5. The learned standing counsel appearing for the Respondents submitted that the Petitioner has not substantiated his case for receipt of a sum of Rs.14,58,00,000/- and hence the assessment order came to be passed and the 2nd Respondent, by observing that the case of the assessee does not come within the purview of the two conditions stipulated in instruction no. 1914 dated 31.07.2017 and the petitioner has not stated any financial difficulties, has rightly rejected the Application for stay filed by the Petitioner and therefore the same does not warrant any interference.
6. From the records, it is seen that the Petitioner’s father passed away on 21.06.2018 and the 3rd Respondent issued notice alleging the receipt of a sum of Rs.14,58,00,000/- by the Petitioner’s father and except the Annexure to the said notice, no proof was filed by the 2nd Respondent for the alleged demand.

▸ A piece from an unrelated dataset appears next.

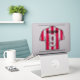 Football sticker. Red and white Football Shirt Design to Personalise. Add Name and Number.

7. Considering the aforesaid facts and circumstances of the case, this Court is inclined to set aside the impugned order subject to deposit of 10% of the tax demand by the Petitioner. Accordingly, this Court passes the following order:
i. The order impugned herein is set aside on condition that the petitioner, shall deposit 10% of the disputed tax demand before the 2nd respondent within a period of four weeks from the date of receipt of a copy of this order.
ii. On such payment made, the 2nd Respondent is directed to dispose of the Appeal on merits and in accordance of law. There shall be an order on stay of the assessment order, until the disposal of the Appeal.
Accordingly, the writ petition is disposed of. There is no order as to costs. Consequently, the connected miscellaneous petitions are closed.